BIRMINGHAM, Ala., Jan. 28, 2013 /PRNewswire/ -- In a landmark decision, the Alabama Supreme Court ruled on January 11, 2013, that a patient who alleges injury from a generic prescription drug can sue makers of the brandname drug for failing to warn about the product's risks. The ruling, which issued in favor of Plaintiff Danny Weeks, comes after courts across the country have rejected a similar theory of liability. In his victory, Weeks was represented by attorneys of Heninger Garrison Davis, LLC, who argued the case before the state high court.
"We now have broad daylight for our claims against the brand-makers of Reglan," commented Lew Garrison, the HGD senior partner in charge of the case. "It is a great win for Danny and vindicates our decision to sue the brand defendants." The suit is pending in federal court in Montgomery, Alabama, and has been stayed pending the Alabama Supreme Court's decision on the question whether a plaintiff allegedly harmed by a generic medicine can sue the brandmaker of the drug. The federal court certified the question to the high court.

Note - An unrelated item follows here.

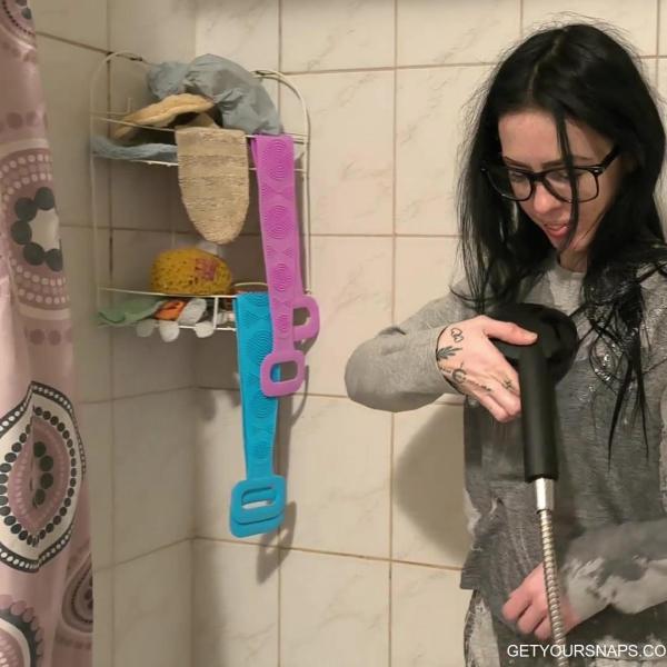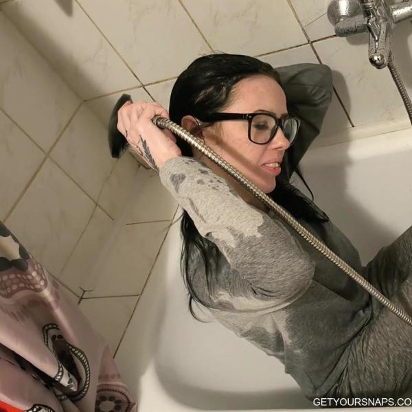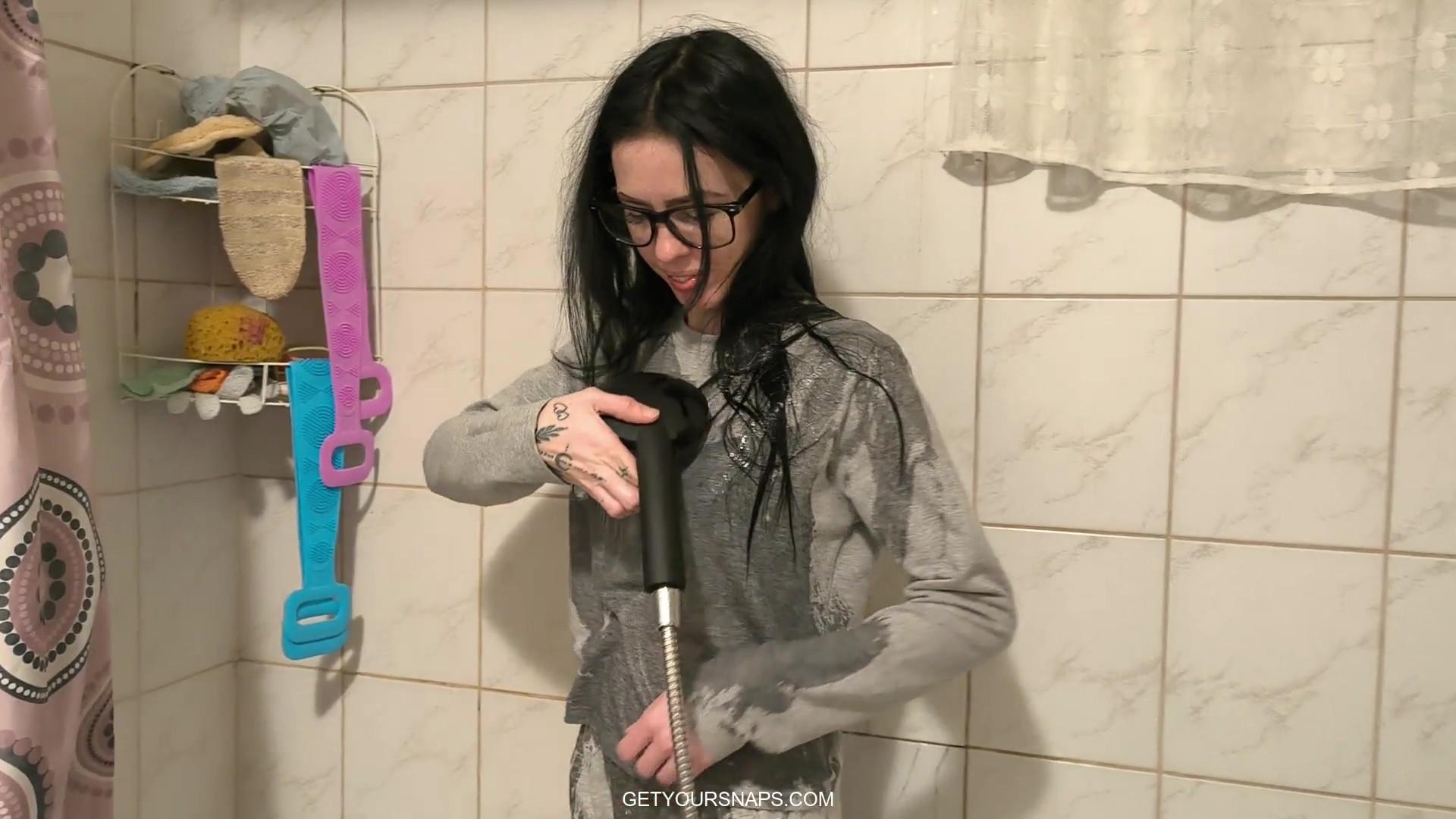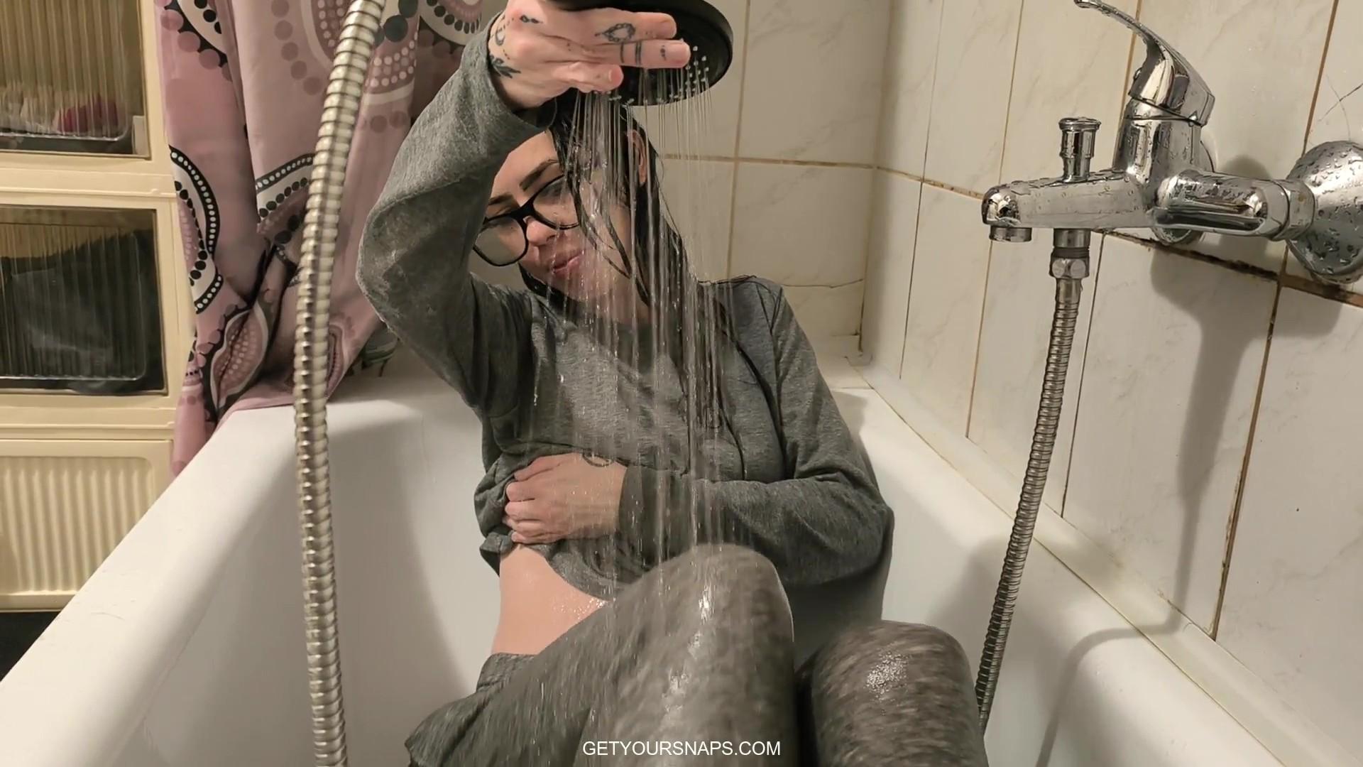 Carol steps into the shower wearing a full gray tracksuit and glasses, ready to get soaked from head to toe. She slowly lets the water run over her top and sweatpants, watching the fabric darken and cling tightly as it absorbs every drop. With a playful smile, she lifts her shirt to feel the warm water underneath, letting it run across her skin and through the layers of the thick material. Sitting down in the bathtub, she enjoys the heavy soaked clothes as they completely cover her, relaxing under the shower spray like it’s the comfiest outfit to get wet in.

Danny Weeks alleges that he developed tardive dyskinesia, a movement disorder, from a generic version of the acid reflux drug Reglan, and that the brand-name manufacturers of the medicine (Wyeth LLC, Pfizer Inc., and Schwarz Pharma, Inc.) failed to adequately warn about its risks. Those brand defendants asked the federal court to certify the question.
In siding with Weeks, the Supreme Court reasoned that "an omission or defect in the labeling for the brand name drug would necessarily be repeated in the generic labeling, foreseeably causing harm to a patient who ingested the generic product." The court distinguished Weeks' claims and argument from several prior decisions in favor of brand-makers sued by patients who ingest only the generic versions of a drug. Chris Hood, another of Weeks' attorneys at HGD, called the decision "compelling and well reasoned."
"The Alabama Supreme Court is the first and only supreme court of any state to adopt the theory of liability we advocate," Hood said. "It correctly identified and applied basic tort principles overlooked by numerous lower courts which rejected similar theories," he added. "The win is tremendously satisfying, particularly because it makes clear that Danny has recourse for his injuries."
Prior to the win, over 70 courts across the country had sided with brand‑makers in similar cases. Courts in only two states, California and Vermont, have allowed similar claims to proceed. Furthermore, the U.S. Supreme Court decision PLIVA, Inc. v. Mensing, issued in 2011, rejected a plaintiff's suit against generic drug makers for failing to warn about their products' risks. That decision is based on federal preemption of state tort law. Commentators agree that it forecloses claims against generic makers for inadequate warnings on drug labels.
"Alabamians injured by generic prescriptions now can hold the brand-maker accountable for understating the risks of the drug," Chris Hood explained. "It is the right decision, and it stands on settled law of our state."
Alabama for decades has recognized that a person harmed by someone else's misrepresentation can sue that person even if the misrepresentation was made to a third party, not to the person actually harmed by it. Weeks' claims that the brand-makers of Reglan misinformed his prescribing doctor by understating the risk of contracting tardive dyskinesia from the drug. The doctor is owed a duty of truth on the part of the brand-makers, Weeks' attorneys argued based on the legal rule known as the learned intermediary doctrine.
Lew Garrison, Weeks' chief attorney, believes the decision may positively influence courts in other states and thereby provide recourse for patients injured by generic replicas of brand drugs. "States which recognize the learned intermediary doctrine and liability for third‑party fraud may follow suit," he predicts.